Information provided START
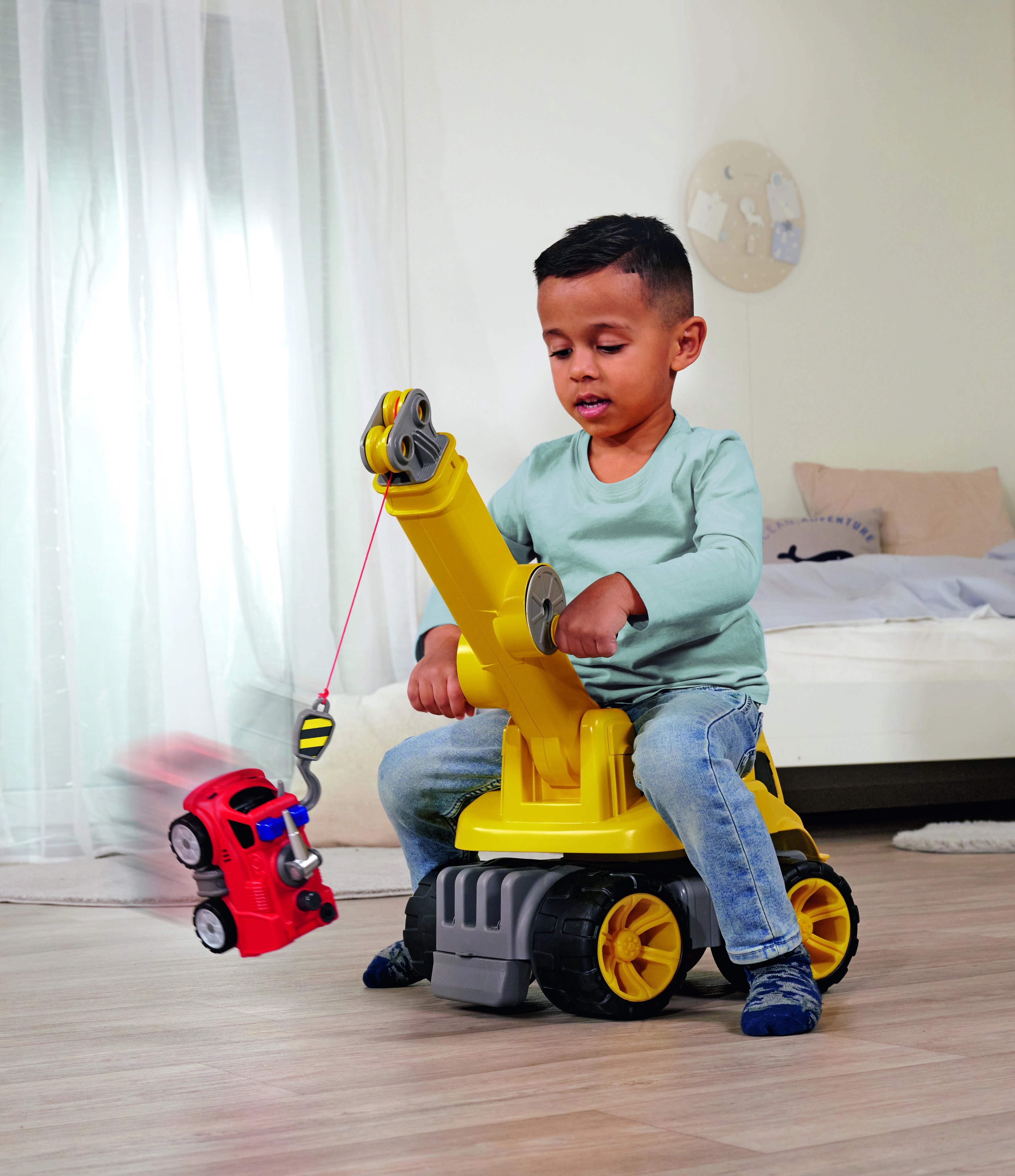 Tornis griežas ap savu asi par 360°, bet funkcionālā strēle ar izturīgu troses vinču (vilkmes spēks līdz 450 g) ļauj bērniem reālistiski celt un pārvietot priekšmetus.
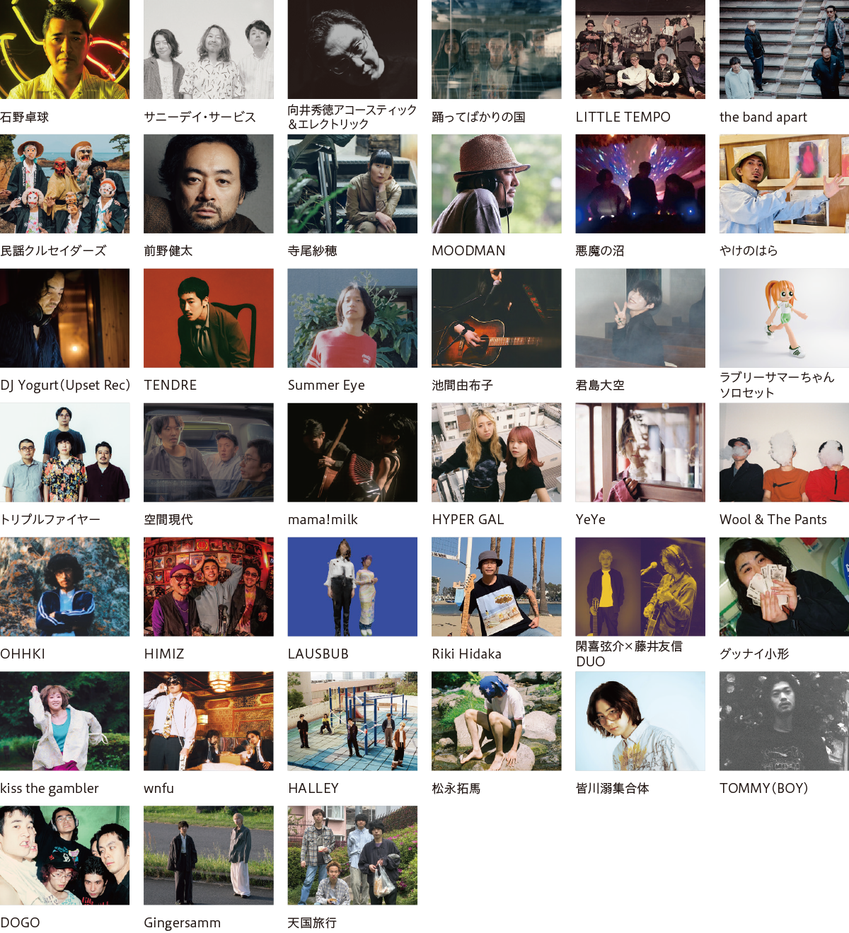 LITTLE TEMPO / the band apart / 民謡クルセイダーズ / 前野健太 / 寺尾紗穂 / MOODMAN /
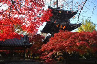 善峯寺(よしみねでら)京都市西京区の西山に位置し山の中腹に広大な境内を持つ古刹です。境内である山全体が真っ赤に染まる景観は圧巻です。高台にあり眺望もいいので、京都市内の大パノラマと紅葉が重なり合う景色は一見の価値アリです。江戸時代には徳川5代将軍綱吉(つなよし)の生母・桂昌院(けいしょういん)によって現存する多くの建物が復興されました。桜、あじさい、紅葉など季節によって色とりどり色彩を放ち一年中多くの観光客で賑わっています。多宝塔前にある、樹齢600年以上の五葉松は「遊龍の松」と呼ばれ、国の天然記念物として指定されています。スケールが大きく見どころも多いのでゆっくり時間をかけてハイキング気分で拝観したい紅葉スポットです。
Information provided END
### [What the task requires]
The data above should be repeated in full and exactly, with no pictures carried over.

### [Finished exercise]
 Tornis griežas ap savu asi par 360°, bet funkcionālā strēle ar izturīgu troses vinču (vilkmes spēks līdz 450 g) ļauj bērniem reālistiski celt un pārvietot priekšmetus.
 LITTLE TEMPO / the band apart / 民謡クルセイダーズ / 前野健太 / 寺尾紗穂 / MOODMAN /
 善峯寺(よしみねでら)京都市西京区の西山に位置し山の中腹に広大な境内を持つ古刹です。境内である山全体が真っ赤に染まる景観は圧巻です。高台にあり眺望もいいので、京都市内の大パノラマと紅葉が重なり合う景色は一見の価値アリです。江戸時代には徳川5代将軍綱吉(つなよし)の生母・桂昌院(けいしょういん)によって現存する多くの建物が復興されました。桜、あじさい、紅葉など季節によって色とりどり色彩を放ち一年中多くの観光客で賑わっています。多宝塔前にある、樹齢600年以上の五葉松は「遊龍の松」と呼ばれ、国の天然記念物として指定されています。スケールが大きく見どころも多いのでゆっくり時間をかけてハイキング気分で拝観したい紅葉スポットです。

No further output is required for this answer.